Akhirnya waktupun berlalu tanpa adanya hasil diskusi masyarakat, karena waktu itu pun telah
menjadi bagian dari penampilan gemilang Mamiku itu. Padahal waktu itu dua kelompok menanti yang
seharusnya mendemonstrasikan makalah mereka. Tentu sangat kecewa hati mereka dan hatiku, karena waktu
mereka dan waktuku telah Mamiku ambil demi menunjukkan kepakarannya sebagai calon Filsuf. Disitupun
aku dan teman Profesorku berdiskusi kecil. “bukannya minggu kemarin Mami itu bilang “Al Waktu Kas Syaif
idza Lam Ta’ Toq Qothoaka”, sambut aku dan temanku itu. Tetapi mungkin mami calon filusufku itu dalam
keadaan khilaf sehingga kebenarannyapun harus meninggalkan dirinya.

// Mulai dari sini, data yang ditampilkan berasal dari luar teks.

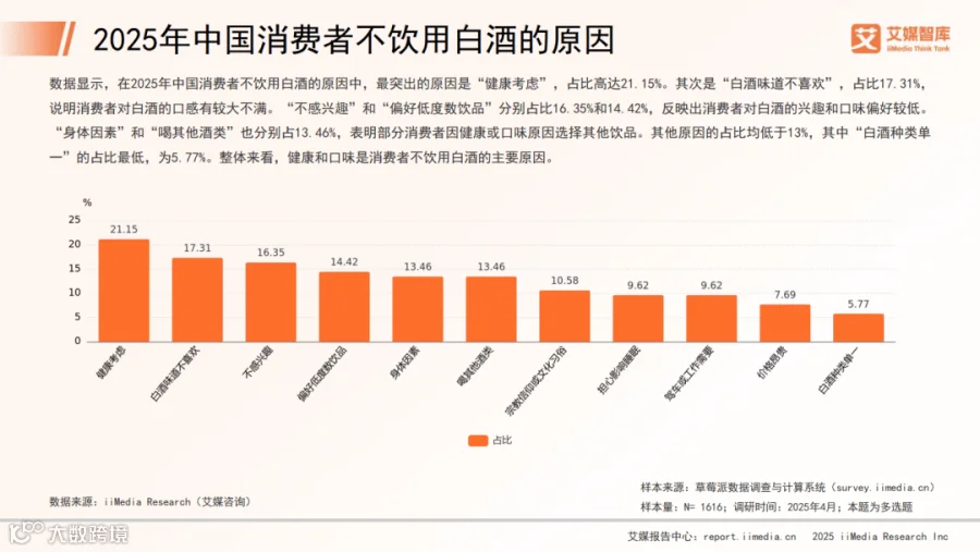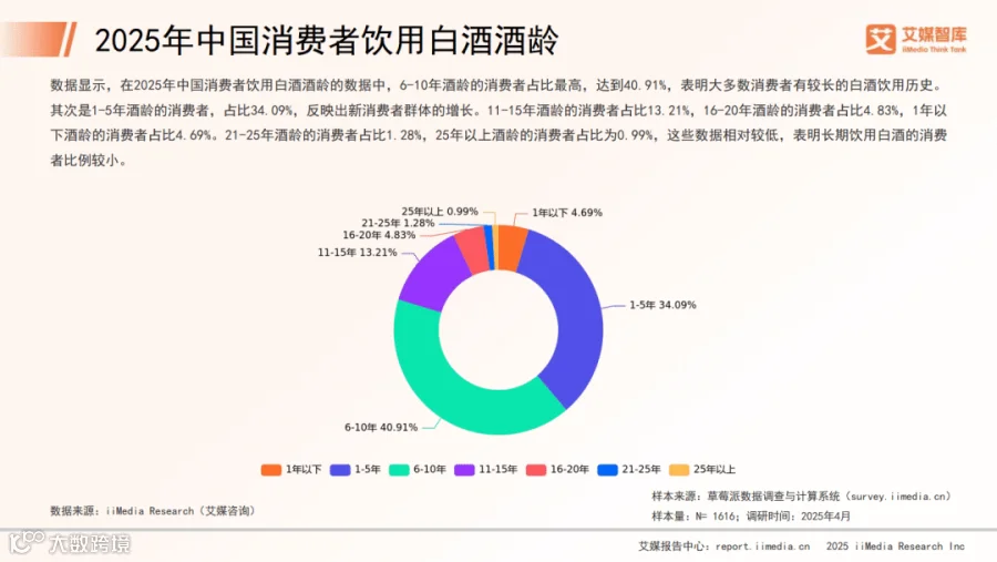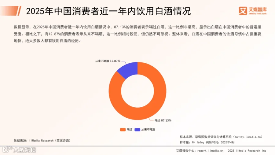 近一年内,87.13%的消费者饮用过白酒,其中酒龄6-10年的占比40.91%,1-5年的占34.09%,显示新消费群体持续扩大。不饮酒人群中,21.15%出于健康考虑,17.31%因口感不适。
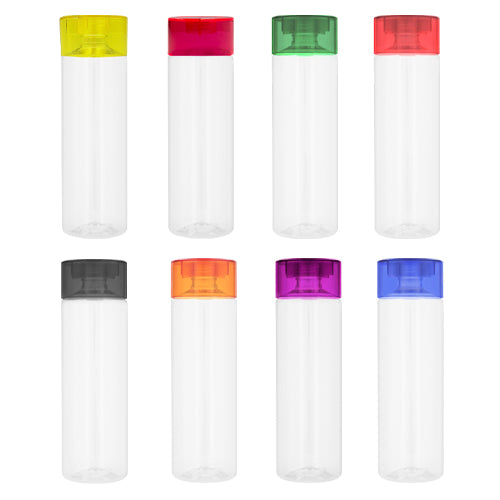 cilindro de plástico con tapa enroscable de color y cuerpo traslúcido. el envío de este material se hace por separado de base y tapas derivado a los cambios de altura si se traslada a otros lugares de la república. (el stock de la base se maneja por separado).
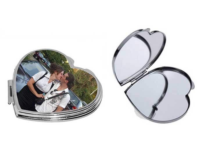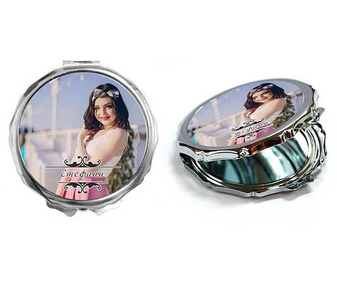 Джобно огледалце сърце или кръгло, с ваша снимка. Подарък за жена. За да носи със себе си един мил спомен. Оригинален персонализиран подарък за жена. На огледалото може да се сложи и текст при снимката, по желание.
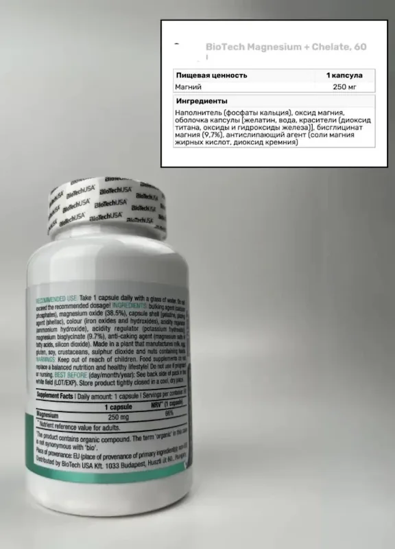 Magnesium + Chelate от BiotechUSA — это высокоусвояемая форма магния в хелатной форме, разработанная для поддержки нервной системы, мышц и общего самочувствия. Хелат магния отличается мягким воздействием на ЖКТ и высокой биодоступностью, что делает добавку подходящей для ежедневного применения.
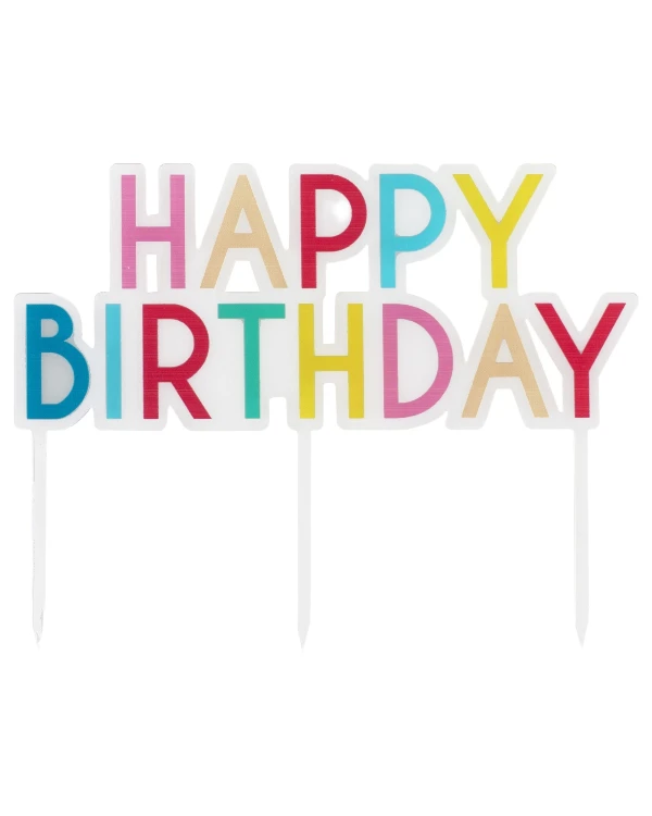 Denne regnbuefargede kaketoppen med teksten “Happy Birthday” er den perfekte dekorasjonen til bursdagskaken din. Med en høyde på 13 cm vil den definitivt tiltrekke seg oppmerksomhet og legge til en festlig touch til feiringen. Laget av høykvalitetsmaterialer, er denne kaketoppen både holdbar og slitesterk. Den vil være et flott tillegg til enhver bursdagsfest og vil sikkert glede både bursdagsbarnet og gjestene. Bestill denne regnbuefargede kaketoppen i dag og gjør bursdagen ekstra spesiell!

Begitulah tinta hari yang harus kutuliskan dalam sejarah pembentukanku. Dimana ku dapatkan
sesuatu yang langka untuk kupahami, tetapi ku mendapatkannya. Sekalipun ku harus sedikit kecewa karena
ku tak dapat apa yang seharusnya ku dapatkan, tetapi ku mendapatkan sesuatu yang memang ku inginkan.
Begitulah celotehan intuisiku membisiki nalar manjaku. Sehingga waktu pula yang akan memberikan warna
masyarakat TerRajakan dipertemuan berikutnya.